Headstones, especially those carved centuries ago, deteriorate over the years, but in some cases a broken stone can be an intentional design choice. A broken column is almost always representative of a life cut short, suggesting that the individual may have died at an early age, or before they could accomplish all of their goals in life. If you come across a broken column, it is worth considering that this person may not have lived to adulthood and may not have had any descendants, although this is not always the case. One such example can be seen on the monument to Adeline Wilhelmina Howell (pictured at top), the only daughter of Sidney S. and Adeline M. Howell, who died at the age of 18.2 Another example is the gravestone of Raffaele Gariboldi (right), who died at the age of 32 and left behind a young daughter.3


A pair of shoes carved onto a monument usually represents a sentiment similar to a broken column, more specifically associated with the loss of a young child. Most gravestones displaying a pair of shoes memorialize the death of a child under the age of one year.4

Fraternal Organizations

Some of the more common fraternal or sororal symbols found on gravestones include:

  • Freemasons
    • One of the largest and most well-known fraternal organizations in the world, the number of Freemasons is estimated to be about six million worldwide.
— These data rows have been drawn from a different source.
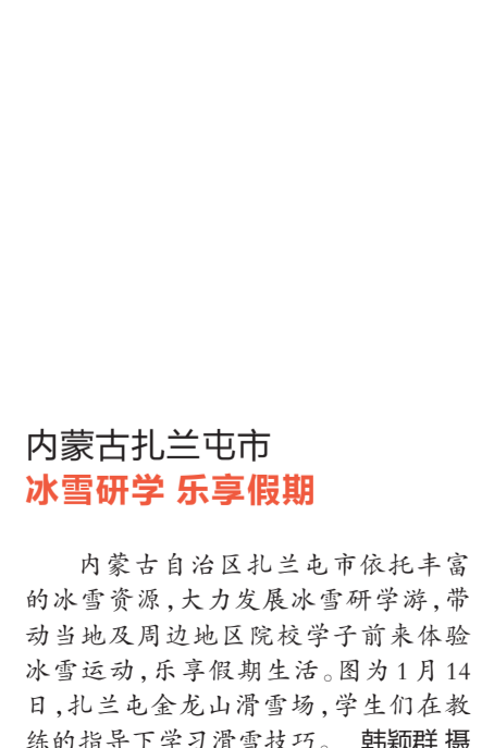
内蒙古扎兰屯市 冰雪研学 乐享假期

寒假期间,安徽省芜湖市繁昌区教育部门依托当地足球协会、足球俱乐部等举办少儿足球训练营,引导学生加强体育锻炼,提高学生体质和运动技能,让学生在运动中健康快乐成长。图为1月15日,在繁昌四中足球场上,学生在教练的指导下进行足球训练。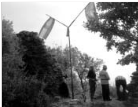
A markazi várromnál

Ugye, szinte minden turista volt már a siroki várban, sőt a felújítások eredményeképpen, aki sosem túrázott, az is könnyedén fel tud jutni, de ki tudja, hogy e várral szemben áll a Kis-várhegy, ahol a bronzkorban vár állott, melyet a középkorban tovább erősítettek? És vajon, aki ezt tudja, járt is ott? A sportpályától meredek vízmosáson másztunk felfelé a sáncokig, mind a bronzkori,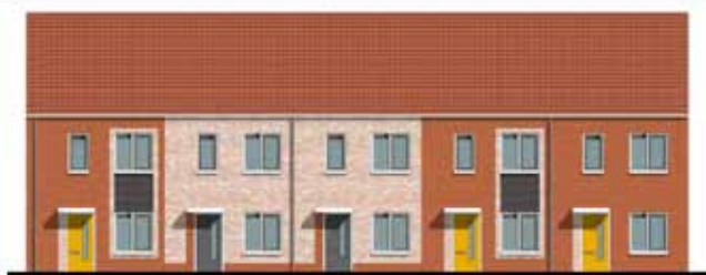
TYPE RODE EN LICHT STEEN

Their square and compass symbol (with and without the letter G in the center) is a strong indication of membership by the deceased.5
  • The Benevolent and Protective Order of Elks
    • Some lodges practice communal burial, in which deceased members are buried in a shared plot with large statues as opposed to individual grave markers.6
    • The Elks also will sometimes use metal grave markers similar to those used by military-based lineage societies, like the Sons and Daughters of the American Revolution.7
  • Independent Order of Odd Fellows and the Daughters of Rebekah
    • The IOOF, which evolved from the Order of Odd Fellows (founded in the 1730’s in England) was founded in Baltimore, Maryland in 1819. The society, which claims 600,000 members, is most often associated with the “triple link” symbol of three chain links.8
    • The Daughters of Rebekah were formed as the female auxiliary of the IOOF. Members sometimes have gravestones represented by symbols of the varying degrees of membership including a beehive, seven stars and a moon, and a lily.9
  • Knights of Pythias
    • This society was the first fraternal organization to receive a charter under an act of the United States Congress when it was formed in 1864. Recent estimates put their membership at about 50,000. The organization is symbolized by an inverted triangle containing red, yellow, and blue triangles with the letters F, B, and C.10

While these symbols may not immediately reveal details about the life of the deceased, they can certainly direct genealogical researchers to records they may not have considered before. For example, if your ancestor died in Massachusetts, and you find that they have a square and compass on their headstone, it would certainly be advisable to consult the records in “ Massachusetts: Grand Lodge of Masons Membership Cards, 1733-1990 ” which are available through


As noted above, some symbols, such as the Celtic Cross, may serve as an indication of the deceased’s ancestral homeland. Another object with a similar goal is the thistle, which is often used to signify Scottish ancestry.12


The use of hands on a gravestone may indicate a number of meanings. Many of these symbols are deeply religious, and may indicate of a certain set of beliefs held by the deceased. Often, hands represent the hand of God, and the direction they point determines the meaning. For example, a hand with a finger pointing upward represents a reward of the righteous, while a finger pointing downward is a symbol of mortality and possibly a sudden death.13 Praying hands can signify the individual’s devotion to their religion, and clasped hands may represent the reunion of a couple in death.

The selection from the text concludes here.